Task to carry out: Please transcribe exactly, and only, the lines of the data below between the line holding "alien daggers with" and the line holding "廣袤無邊的田野生機盎然,金黃", inclusive.

Dataset:
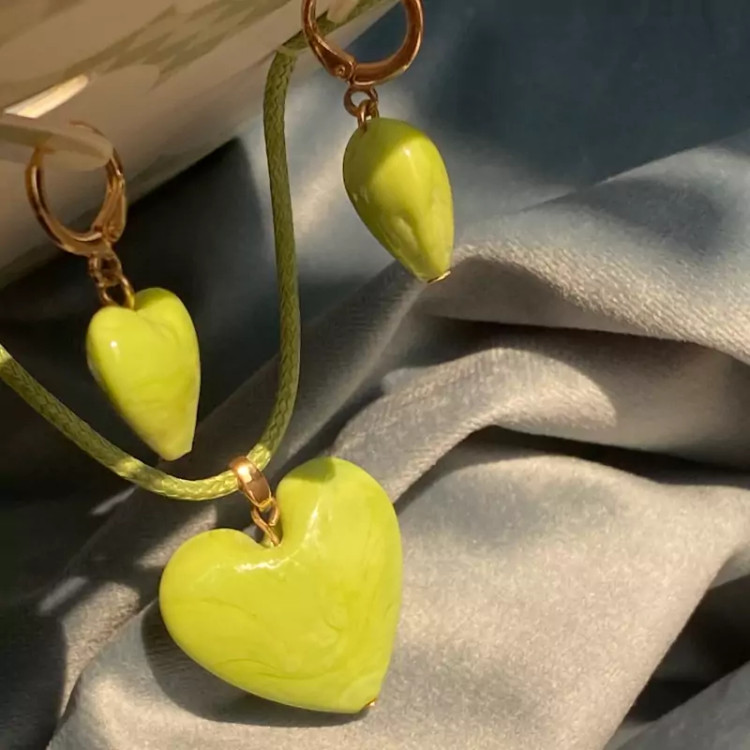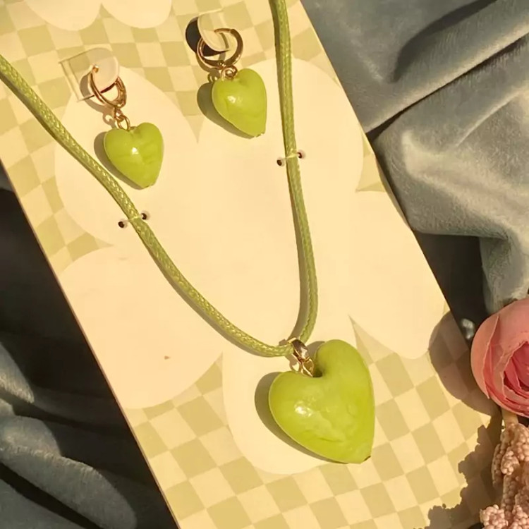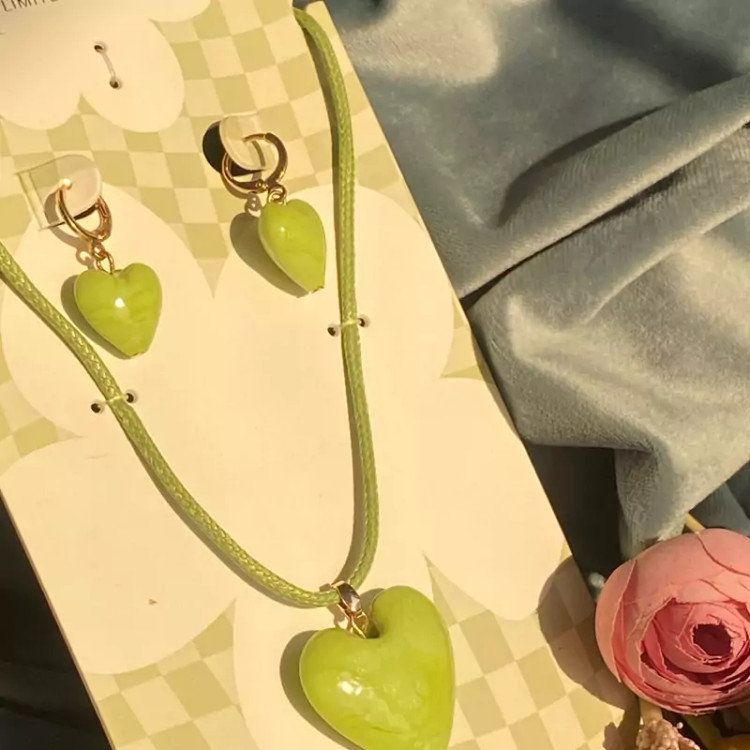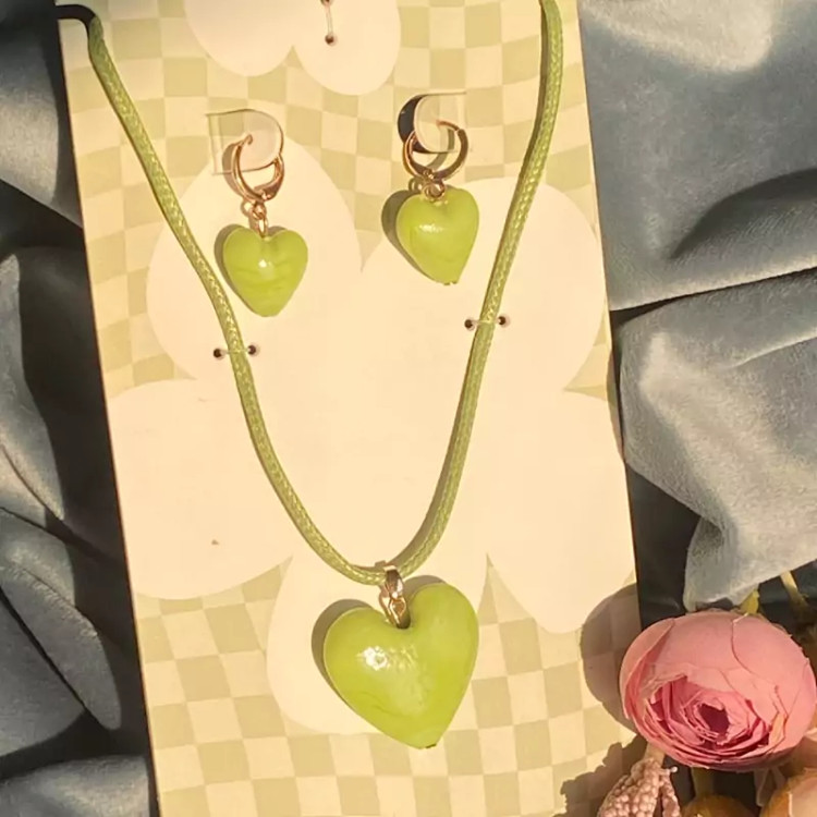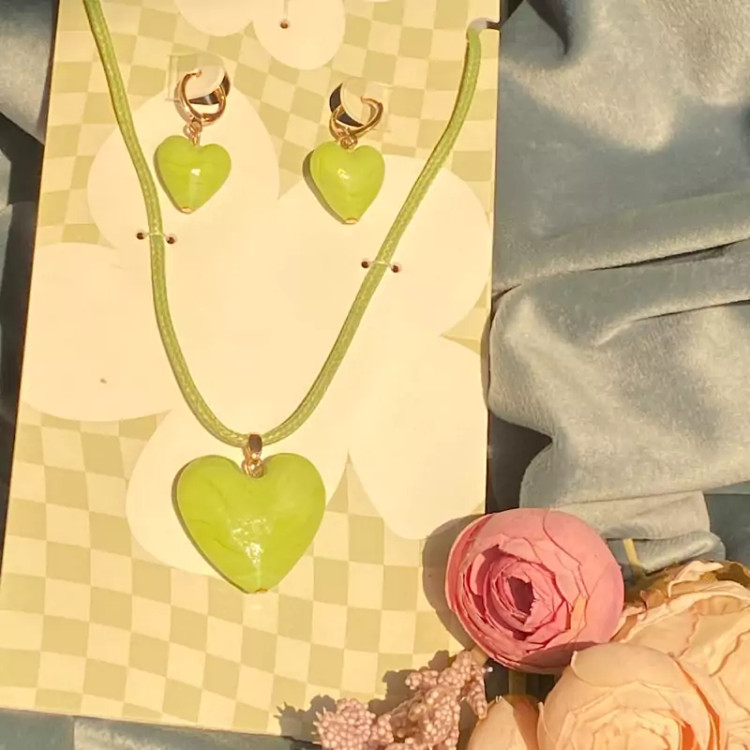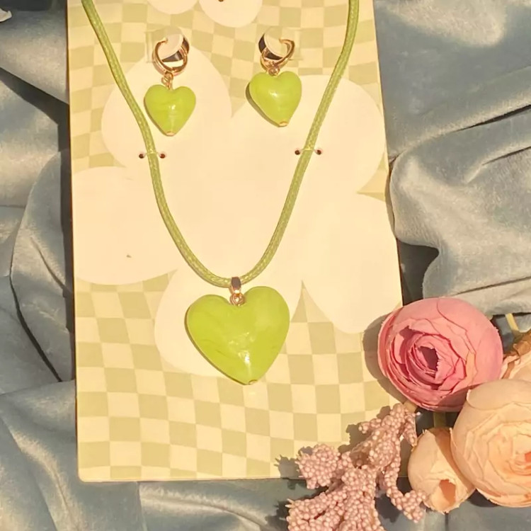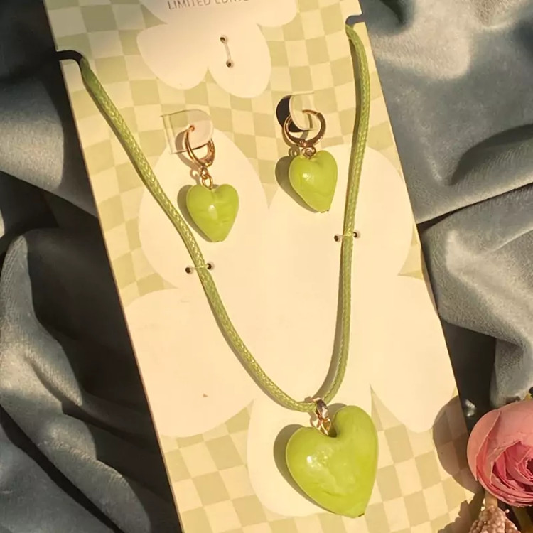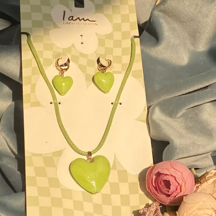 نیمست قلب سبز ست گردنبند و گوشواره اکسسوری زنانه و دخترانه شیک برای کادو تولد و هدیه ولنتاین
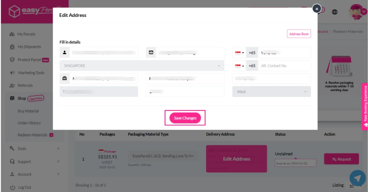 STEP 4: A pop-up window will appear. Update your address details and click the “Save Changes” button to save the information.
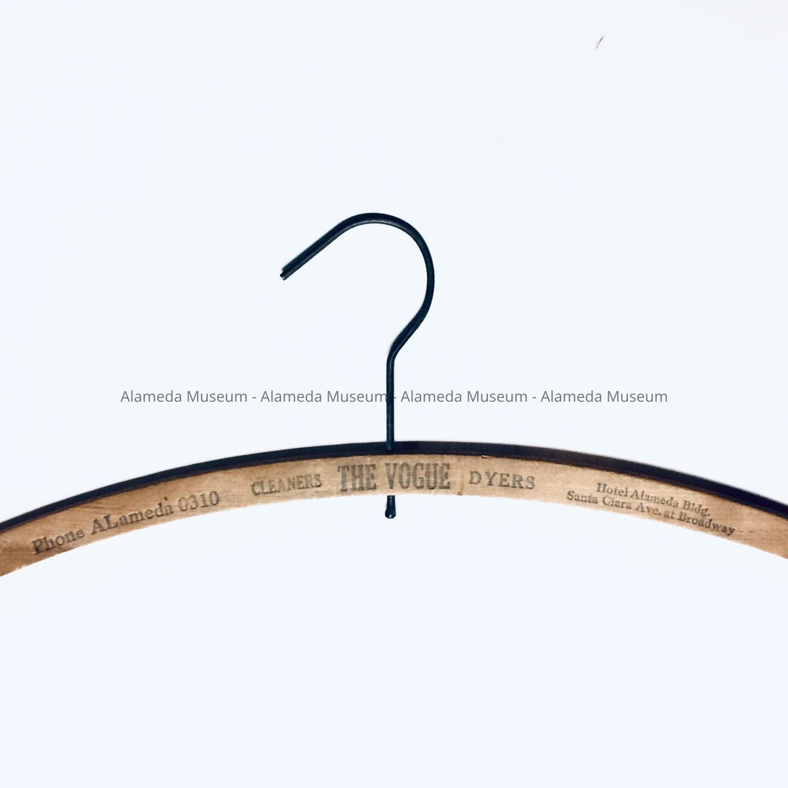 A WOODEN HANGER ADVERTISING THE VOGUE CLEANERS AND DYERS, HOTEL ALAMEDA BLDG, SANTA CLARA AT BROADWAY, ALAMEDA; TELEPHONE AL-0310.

---

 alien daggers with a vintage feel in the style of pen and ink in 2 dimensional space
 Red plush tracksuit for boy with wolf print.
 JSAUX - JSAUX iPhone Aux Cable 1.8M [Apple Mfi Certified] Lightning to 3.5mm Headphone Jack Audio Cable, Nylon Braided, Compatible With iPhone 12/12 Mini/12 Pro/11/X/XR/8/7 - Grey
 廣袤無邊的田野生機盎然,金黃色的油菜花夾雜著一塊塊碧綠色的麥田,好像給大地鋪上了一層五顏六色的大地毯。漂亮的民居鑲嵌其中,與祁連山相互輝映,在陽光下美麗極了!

Task solution:
 alien daggers with a vintage feel in the style of pen and ink in 2 dimensional space
 Red plush tracksuit for boy with wolf print.
 JSAUX - JSAUX iPhone Aux Cable 1.8M [Apple Mfi Certified] Lightning to 3.5mm Headphone Jack Audio Cable, Nylon Braided, Compatible With iPhone 12/12 Mini/12 Pro/11/X/XR/8/7 - Grey
 廣袤無邊的田野生機盎然,金黃色的油菜花夾雜著一塊塊碧綠色的麥田,好像給大地鋪上了一層五顏六色的大地毯。漂亮的民居鑲嵌其中,與祁連山相互輝映,在陽光下美麗極了!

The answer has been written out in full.